The more general character that you rightly refer to is secured by a certain feature, not shared by the system, of the surroundings: in the general case they may lack a temperature where they contact the system. An example of surroundings lacking a temperature where they contact the system would be very turbulent fluid surroundings with many different remote temperature sources, or perhaps in a turbulent explosion that heats the system. During the process of transfer of energy, in classical thermodynamics, the temperature of the system is not a concern, as we all agree. But of course as you emphasize, it is strictly necessary that the system has a temperature in its initial and final states of internal thermodynamic equilibrium.

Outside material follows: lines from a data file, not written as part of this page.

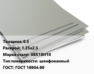 Лист нержавеющий 0.5 1.25х2.5 Сталь: 08Х18Н10 Тип:шлифованный ГОСТ 19904-90
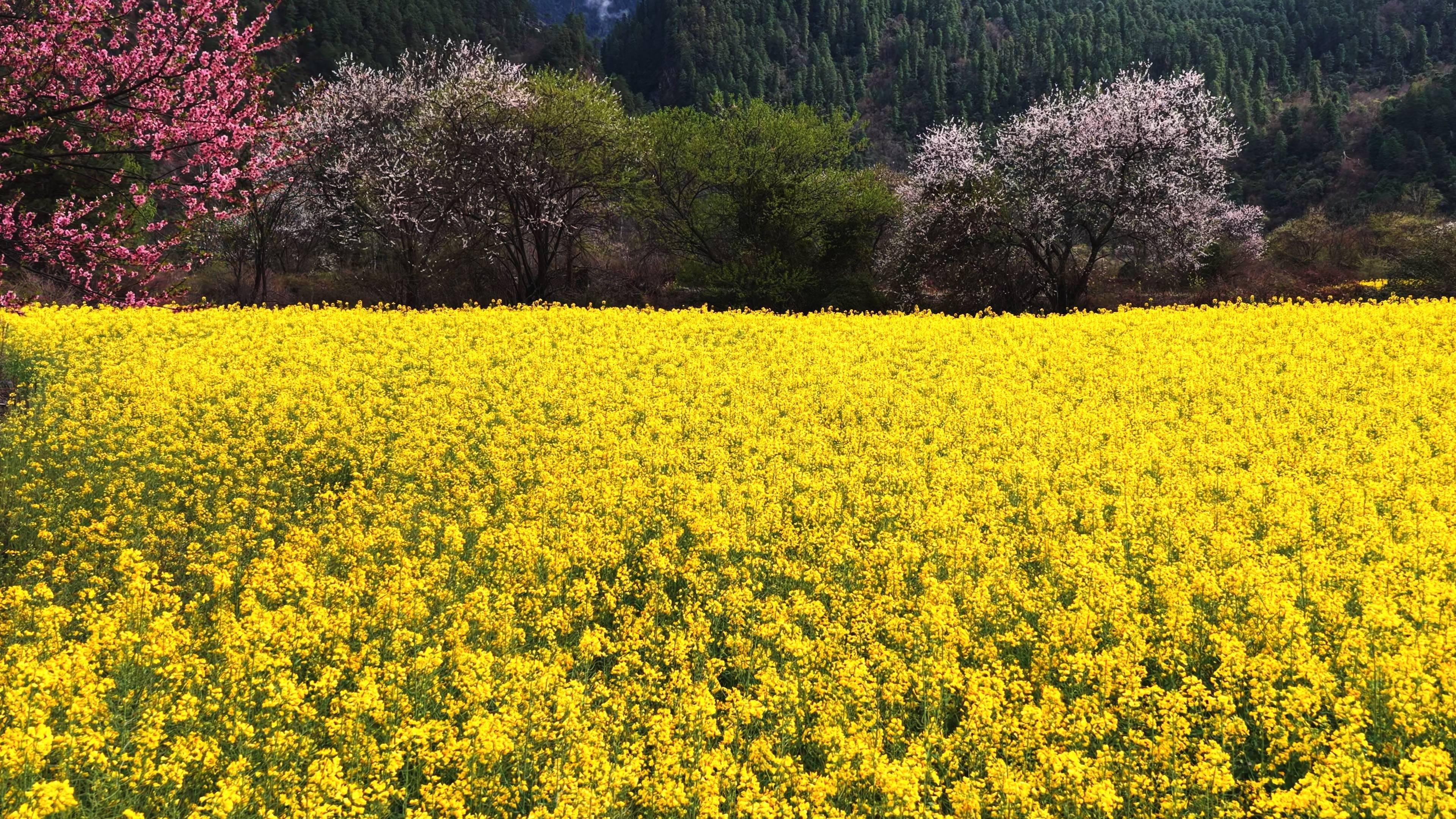西藏林芝市波密县易贡乡,油菜花与桃花迎春绽放。新华社记者 普布次仁 摄高原的春天,不止于遍野的花色,还在于不期而遇的春雪。
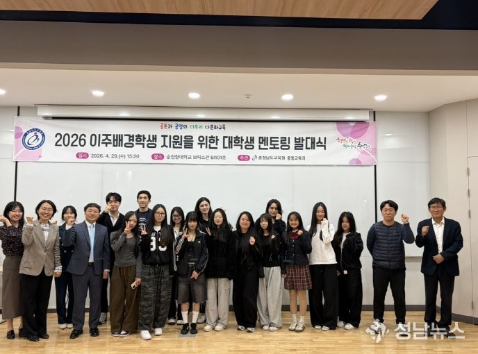 충남교육청은 29일, 순천향대학교(아산)에서 순천향대 지도자 학생 6명과 온양용화고·아산충무고 학생 20명, 담당 교사 등 30여 명이 참석한 가운데 ‘2026 이주배경학생 지원을 위한 대학생 지도 발대식’을 개최했다.

But the surroundings are not required, by Reif or by others who use the Carathéodory mechanical approach, to have a temperature; this is the key to the generality that you rightly point to.Chjoaygame (talk) 00:47, 5 September 2013 (UTC)
Just to be sure we are clear about an important point:   The definition of quantity of energy transferred as heat that is given in the first sentence of the lead is in full agreement with the definition given in Count Iblis' preferred textbook, Reif. There is good consensus here about that.Chjoaygame (talk) 02:16, 10 September 2013 (UTC)

References

References

  1. ^ Wolfson, Richard. Essential University Physics. Pearson / Addison Wesley. p. 264. ISBN 0-321-43564-8.
  2. ^ Bailyn, M. (1994). A Survey of Thermodynamics, American Institute of Physics Press, New York, ISBN 0-88318-797-3, pp. 35–36.
  3. ^ Münster, A. (1970), Classical Thermodynamics, translated by E.S. Halberstadt, Wiley–Interscience, London, ISBN 0-471-62430-6, §13, pp. 41–48.